I’ve certainly played the villain in other people’s lives. I’ve fired plenty of people, including a family member. Not one of those people thought it was justified. I’ve ended relationships, often for reasons that must’ve seemed opaque and capricious. I’ve taken revenge on a landlord who wronged me.

If you get to be my age without any regrets, you’ve been living your life all wrong. There’s no question that there are people out there right now who, if they were asked for an opinion of me, would tell you I was a villain, or worse.

Is that why I have such a seeming affection for TV antiheroes? Perhaps it’s as simple as that. That Omar and Al and Alfie do the bad things I secretly want to but know I shouldn’t. They are more resigned to being the bad guy than I am. As though secretly, all I want is to be a villain, and the only thing that keeps me from it is my desire to see myself as good.

That’s one way of framing it.

But the reality is, none of these characters is completely good or bad, and they are compelling precisely because of that. Because none of us are completely good or bad either. We are one or the other as the situation demands.

After all, what seems like a great evil from one point of view can be an unpleasant necessity from another. If you’re going to view life as a work of fiction, you may as well go all the way. A story needs villains just as much as it needs heroes.

In a famous passage in the Bhagavad Gita, the warrior Arjuna questions the war he has found himself embroiled in. As he rides in his chariot across the line of battle, he sees the other side of the conflict is composed of his own family members, his gurus, and other people he loves.

As any of us would, he questions the wisdom of the destructive war that’s about to take place. But the god Krishna reminds Arjuna of his duty, of his role in the world as a warrior. Fight this battle even against those you love, Krishna instructs. Take part in it in the knowledge that those you fight are already dead.

In Western society, we are the inheritors of ethical myths.

Stories that are concerned with right and wrong, and how to behave according to those distinctions. But the myths we tell ourselves now are far more nuanced.

The days are long gone when you knew who to cheer for in a movie because he would be dressed in white, set off against a villain clad in sable. Now, our heroes are fractured and untrustworthy, and the bad guys we jeer at often turn out to have been right all along.

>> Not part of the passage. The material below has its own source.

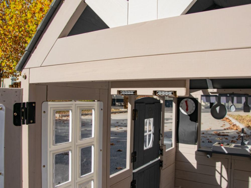 Detský drevený záhradný domček Superior vytvára ideálny priestor na hranie rolí a zábavu na čerstvom vzduchu. Zabudovaná detská kuchynka, holandské dvere a veľké okná podnecujú predstavivosť a podporujú spoločnú hru.

Speaking of antiheroes, controversial author and professor Jordan Peterson talks about this attraction to darkness in this lecture. As Peterson points out, a person incapable of cruelty is absolutely prey to those who are quite capable of it. We watch antiheroes, Peterson claims, to live out the darker parts of ourselves. Because it’s impossible to respect yourself until you’ve grown teeth.

Or as Auschwitz survivor Primo Levi framed it in The Periodic Table, a world of unarmed men would be tolerable. But it’s not reality. The armed build Auschwitz, and the unarmed pave the way for them. After Auschwitz, it is no longer permissible to be unarmed.

Moral relativism can be a dangerous argument. Ethics are a valuable thing, one of the greatest ideas our species has ever had. The fact that people try to be good, even when they often fail, is one of the most precious things about humanity.

And most people, most of the time, do try to be good. Few of us are great heroes, and most of us are lazy and selfish. But the fact we try to justify our actions shows that we believe in being good, even when we struggle to meet our own ideals.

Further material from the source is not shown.